刘备看着张松这般模样,想来他肯定是有了什么计划,于是开口试探于其。
“主公,刘璋自上任以来,贪官横行,吏治腐败,百姓多苦不堪言,民心早已向背,而主公自治理汉中一来,严刑峻法,吏治清明,就连远在成都的百姓都已经知晓,对主公也是交口称赞,如此,民心可用啊!”
“然刘璋虽然昏庸,但其也承其父亲,对部下极为大方照顾,军中将领对其也算忠心,但许多士人对其做法十分不满,他们互相结为一派,屡次与军中将士争吵,此乃内部不合,对于主公来说,也是一个可以利用的极好机会。”
“第三,益州许多士人皆知刘璋昏庸,对其颇有不满,又苦于没有明主投奔,若主公不嫌弃,松可任一说客,前往他们府上,以助主公一臂之力。”
张松的这三点,让刘备是越听越惊,刘备本来想着张松也是一时兴起,未曾想竟然已经谋划到了如此地步,实在是另刘备难以遏制自己激动的心情。
“若真如子乔所言,备愿放手一搏。”
漂泊大半辈子,刘备好不容易来了一个这么好的机会,他又怎能错过。
“事不宜迟,松也在此地呆了不少时间,也该回去了。为防刘璋等人起疑,松日后便会减少来汉中的次数,不过主公放心,一有消息,松定会派人来传达给主公!”
“如此,备便祝子乔马到成功!”
看着离去的张松,刘备心道:此次,不能再有任何差错,否则,吾大汉危矣!
“来人,速传元龙前来。”刘备虽与张松匆匆定下,但为了万无一失,刘备还是要找陈容谈谈对此事的看法。
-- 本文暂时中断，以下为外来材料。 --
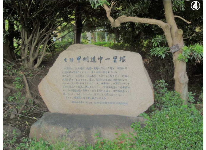
⑤写真は2面ルート図の説明地点 ④甲州道中一里塚跡／(株)NEC府中事業所内
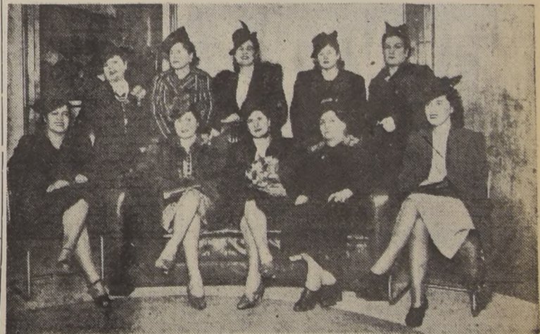
Un grupo distinguido en la famosa Confitería.

“主公,子乔”陈登一进来,便扫了周围一眼,见张松不在,故而有此问。
“子乔有事,便先行回去了,吾叫你来,也是与此事有关。”
刘备于是便把自己与张松的决定一股脑的全说出来,并看看陈登有什么想法。
“主公,糊涂啊!”陈登着急道,“子乔为人急躁,吾便不多说了,但主公一向稳重,怎今日也如此冲动!”
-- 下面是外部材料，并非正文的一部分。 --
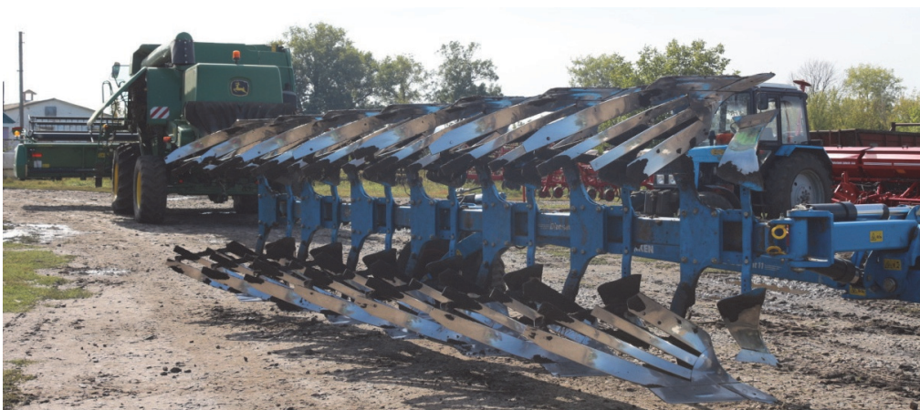
Рис. 1 Загальний вигляд плуга Diamant 11 фірми Lemken

Дослідження зміни твердості поверхні лемішно-лапових робочих органів проводили на агрегатах:

“元龙这是何意?!”刘备看见陈登这么大的反应,心里也是有点后怕,毕竟自己一路走来若非陈登指点额,不知要走多少弯路。对于陈登,刘备自然是十分信任。
“益州道路复杂,又颇为险峻,但凡一员上将率领,便可将我大军阻于蜀道之外,虽有士人放弃刘璋,但却还有大多数人依然忠于刘璋,更何况就算子乔能说通他们跟随主公,他们之间又有几人可以独自领兵,镇守一方?一群手无寸铁之人,主公依靠他们不是在白日做梦?!再说民心,主公若是进不了成都,民心再向主公又有何用?!”
陈登的每一句话,都仿佛一把重锤落在了刘备的心上,一种压迫感也深深的让他感到不适,而且这也让刘备一时竟无法说出话来。
“那元龙认为该当如何?”
陈登叹了一声,说道:“事到如今,也别无他法,我等也只好铤而走险了,否则一旦子乔败露,我等便再也没有翻身的机会了。”
“如何个铤而走险法?还请元龙教我。”
“如今,也只有逼宫一法可行了。”
陈登理了理思路,然后说道:“如今曹操即将与袁绍开战,主公应当知晓,袁绍必然不会是曹操的对手,即使袁绍在冀州势力雄厚,但也档不了袁绍多日。而曹袁之战结束后,刘表便会岌岌可危,而荆州一失,益州便也会成为曹操的下一个目标,所以,保住荆州,就是保住了益州。刘璋虽然愚笨,但不至于连这都看不出来。”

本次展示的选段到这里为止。